The Obama administration has finalized a rule implementing the Fair Pay and Safe Workplaces Executive Order 13673, which business and industry groups contend will increase costs for taxpayers and hamstring the federal procurement process with needless uncertainty, delays and litigation.

Under the new “blacklisting” rule, effective Oct. 25, federal contractors and subcontractors are required to disclose any violations of 14 federal labor laws and OSHA-approved state plans to an Agency Labor Compliance Advisor (ALCA). ALCA will perform an assessment of the violations and make a recommendation to the contracting officer about whether a federal contractor is responsible enough to be awarded a contract covered by this rule. Information submitted to contracting agencies will be publicly disseminated. 

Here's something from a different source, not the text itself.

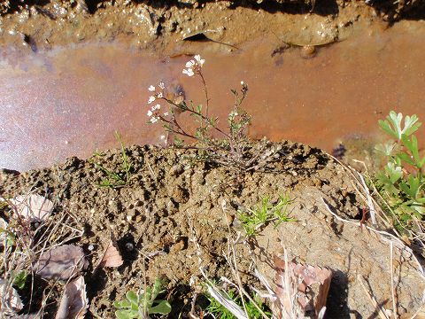 【左】周りは山に囲まれたのどかな場所でした。 【右】春の七草、コニタビラコを観察

The rule will be phased in over the next year, and prime contractors pursuing solicitations for federal contracts exceeding $50 million issued after Oct. 25 will be the first group required to comply. For solicitations issued after April 25, 2017, the prime contract threshold decreases to $500,000. Subcontractors pursuing federal contracts of more than $500,000 issued after Oct. 25, 2017, must disclose violations directly to the Department of Labor (DOL), which in turn will provide a review of the subcontractor’s record. Prime contractors can then rely on the DOL’s review to decide if the firm is qualified for a subcontract award.

The DOL plans to issue subsequent guidance addressing which equivalent state labor laws will be covered; it will be phased in at a later date via a new rulemaking.